▶ Work request:
Lines before the one containing "ハンドル左にあるスイッチは3" in the records below are to be left out; that line and all after it, through the end, are to be retyped exactly.

━━━━━ Extracted records ━━━━━

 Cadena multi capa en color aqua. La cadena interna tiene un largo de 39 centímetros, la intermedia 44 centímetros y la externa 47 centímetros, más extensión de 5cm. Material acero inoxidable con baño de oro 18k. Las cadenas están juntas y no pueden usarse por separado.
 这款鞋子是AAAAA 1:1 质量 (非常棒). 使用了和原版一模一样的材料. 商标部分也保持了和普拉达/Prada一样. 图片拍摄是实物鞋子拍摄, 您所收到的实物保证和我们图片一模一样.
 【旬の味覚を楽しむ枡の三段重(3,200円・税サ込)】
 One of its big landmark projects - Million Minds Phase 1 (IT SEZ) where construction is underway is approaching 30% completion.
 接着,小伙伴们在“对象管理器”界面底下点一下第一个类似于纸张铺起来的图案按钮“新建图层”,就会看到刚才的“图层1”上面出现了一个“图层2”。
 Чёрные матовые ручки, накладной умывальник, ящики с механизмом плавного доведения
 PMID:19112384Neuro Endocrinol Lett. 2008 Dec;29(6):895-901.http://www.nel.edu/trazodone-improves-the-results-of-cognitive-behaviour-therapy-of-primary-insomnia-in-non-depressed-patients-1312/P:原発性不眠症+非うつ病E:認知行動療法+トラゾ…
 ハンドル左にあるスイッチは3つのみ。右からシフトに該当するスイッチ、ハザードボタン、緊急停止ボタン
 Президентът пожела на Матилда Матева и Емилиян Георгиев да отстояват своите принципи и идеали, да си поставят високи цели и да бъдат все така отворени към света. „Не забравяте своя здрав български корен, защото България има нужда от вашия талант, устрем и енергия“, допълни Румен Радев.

━━━━━

▶ Result for this exercise:
 ハンドル左にあるスイッチは3つのみ。右からシフトに該当するスイッチ、ハザードボタン、緊急停止ボタン
 Президентът пожела на Матилда Матева и Емилиян Георгиев да отстояват своите принципи и идеали, да си поставят високи цели и да бъдат все така отворени към света. „Не забравяте своя здрав български корен, защото България има нужда от вашия талант, устрем и енергия“, допълни Румен Радев.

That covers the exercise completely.